Alexander Pope (1688-1744)
Pope’s Essay on Man popularized the philosophy of Optimism, although Pope denied that Leibniz
influenced him. His Essay on Man includes the idea of an infinite God who created the best of possible
worlds, and the notion of a greater synergistic good. Pope was most noted for his poetry, however, and
his mastery of the heroic couplet set the standard for the eighteenth-century. Here is an example, his
Epitaph on Sir Isaac Newton, from March 21, 1727:
Nature and Nature’s Laws lay hid in Night:
God said, “Let Newton be!” and all was light.
(Also see next page)
Pierre Bayle (1647-1706)
Bayle was one of the leading opponents of Optimism. A religious chameleon (started Protestant, became
Catholic, changed back to Protestant, and then became a Pyrrhonian), he was considered a great skeptic.
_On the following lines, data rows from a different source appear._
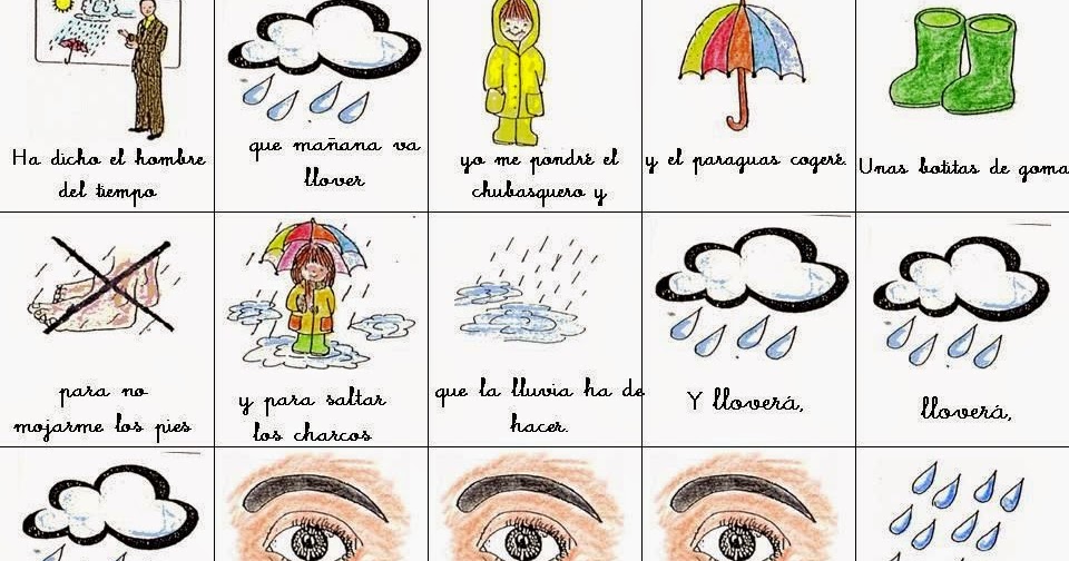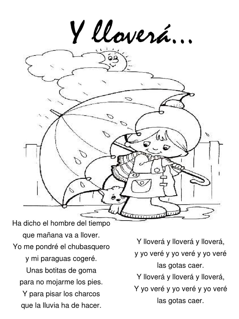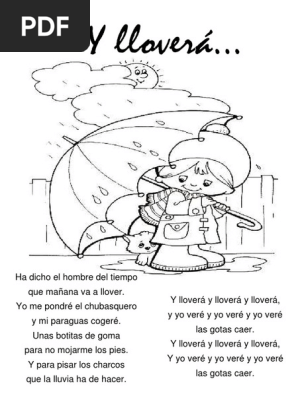 Ha dicho el hombre del tiempo que mañana va a llover. Ha dicho el hombre del tiempo que mañana va a llover. Y para pisar los charcos que la lluvia ha de hacer. Yo me pondré el chubasquero y mi paraguas cogeré.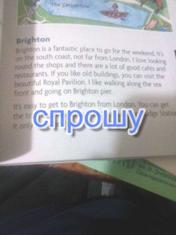 Брайтон - фантастическое место для проведения выходных. Он расположен не так далеко от Лондона - на южном побережье. Я люблю осматривать здесь магазины, и так же здесь немало хороших кафе и ресторанов. Если вам нравятся старые здания, вы можете посетить Королевский Павильон. Мне нравится прогуливаться вдоль морской набережной и ходить по Брайтонской пристани.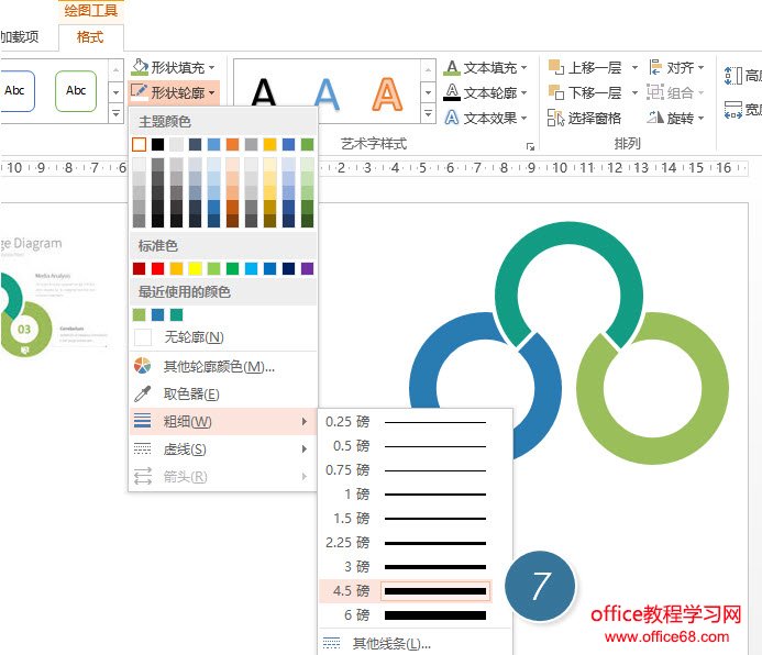 注意观察后会发现,似乎是这个空心弧设置了白色轮廓线?赶紧来设置看看,将其轮廓线设置为白色,粗细为4.5磅左右。(下图 7 处)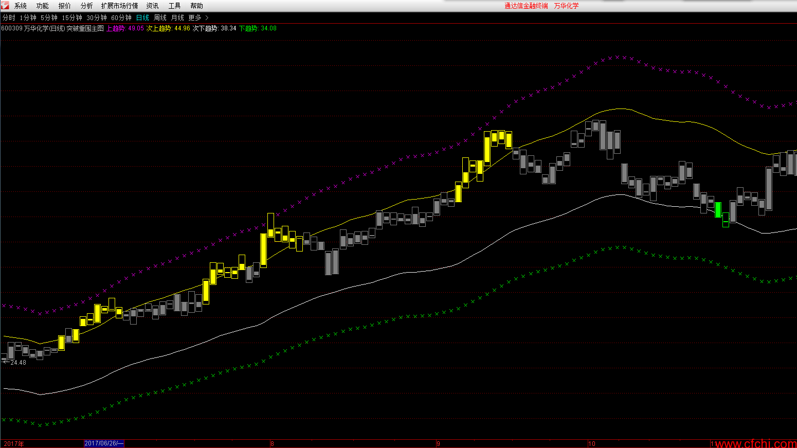 趋势强度:=IF(C>次上趋势,IF(C>上趋势,4,3),IF(C>次下趋势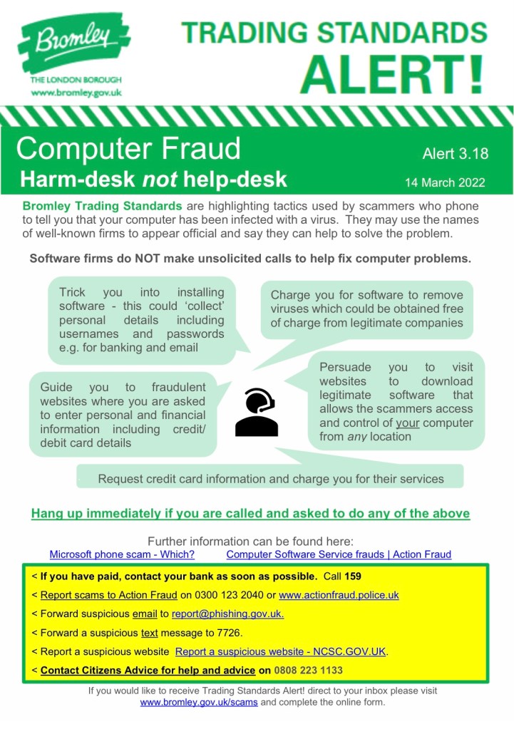 Bromley Trading Standards: Software firms do NOT make unsolicited calls to help fix computer problems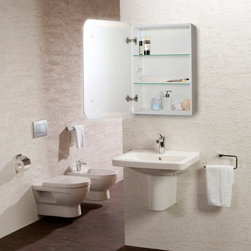 Зеркальный шкаф для ванной — отличная находка для ванной комнаты любых размеров. Он не занимает много места и достаточно функционален. Шкаф - перевертыш, позволяет устанавливать его как в левом, так и в правом исполнении. Петли с доводчиком обеспечат плавное закрытие. В боковой части корпуса встроена розетка. Две стеклянные полки устанавливаются исходя из индивидуальных предпочтений.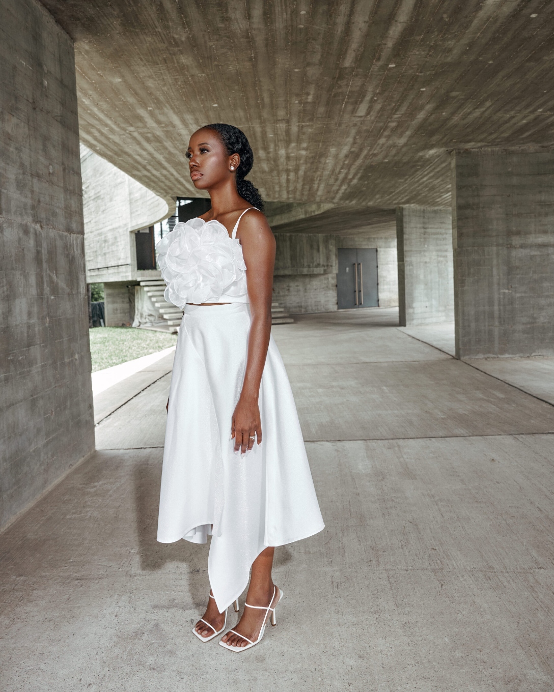 A strapped crop top with detailed ruffles of cherry organza creating a beautiful fullness paired with an overlapped asymmetric flare skirt .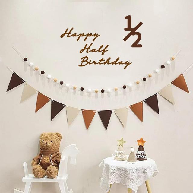 ・商品仕様 happy birthdayフェルト生地バナーx1、160cmフェルト生地フラッグガーランドx1、250cm フグボールガーランドx1、1/2歳の数字x1。

He advocated tolerance, attacked superstition, argued for independence of religion. His Dictionnaire
historique et critique (Historical and Critical Dictionary), 1697, advocated free and independent thought
in nearly all matters.
Jean-Jacques Rousseau (1712-1778)
A vocal opponent of science, technology, urbanization, and anything modern, Rousseau argued that
these things corrupted mankind and that the preferred state for all of man was a primitive one. Rousseau
claimed that mankind brought many disasters and much evil upon itself, especially by choosing an urban
rather than a pastoral life. He wrote an epistle to Voltaire in response to Voltaire’s poem on the Lisbon
earthquake, arguing that there may have even been some in Lisbon who are happier dead – not merely
better off dead. Rousseau’s return to nature and simplicity laid an early foundation for Romanticism.
Anabaptists
The Anabaptists were a loose collection of religious sects who believed in the necessity of adult
baptism, and the corresponding lack of validity of childhood baptism. Pacifists holding to complete
separation of church and state, they were feared and hated throughout Europe, and persecuted quite
savagely, though there was some religious tolerance for their beliefs in the Netherlands.
Jesuits
The Society of Jesus, or Jesuits, was an order within the Roman Catholic Church. Recognized in 1540,
their chief task has traditionally been teaching. The order made many contributions to the sciences. The
founder, Saint Ignatius Loyola, felt the pursuit of scientific knowledge could be spiritually beneficial. As
an international order in the age of the strong centralized state, the Jesuits managed to be exiled from
every country in Europe at one time or another. Bourbon monarchs would induce the Pope to outlaw
them completely in 1773, at which time they found refuge in Prussia.
Jansenists
An intensely devotional sect of Catholicism having similarities with Calvinism that included a focus on
human depravity and predestination, the Jansenists hated the Jesuits, accusing them of being too wordly
and politically ambitious. Jansenism appeared during the 1640s, and Pascal was heavily influenced by it
in his turn away from science shortly thereafter. Jansenism was never accepted by the Papacy.
Deists
Using Newton’s work as a starting point, Deism assumed that the World was governed entirely by the
universal laws that God had set up at the Creation. Deism rejected Christian teachings and revelation,
and instead focused mainly on the innate religious knowledge of man, and whatever could be explored
by reason. Deists frequently attacked supernatural elements of all religions, preferring pure reason to
insight. Voltaire was a Deist, as were Benjamin Franklin, Jefferson, and Washington.
Manicheans
With pre-Christian roots, they argued that a benevolent God only ruled half the universe, the other half
of which was ruled by the Devil. Thus God has no control over the Devil or evil, and the Devil is
sovereign in his own sphere of influence. The logical consequence of this is that God is not omnipotent,
which anwers the perennial question of why bad things happen to good people. Needless to say, the
Manichees were branded as heretics.
Remember:
This book was meant to be funny. Though you may not get all the historical references, there are
universally comic events for you to enjoy. Have some fun with it and learn to read between the lines to
see what Voltaire is really describing.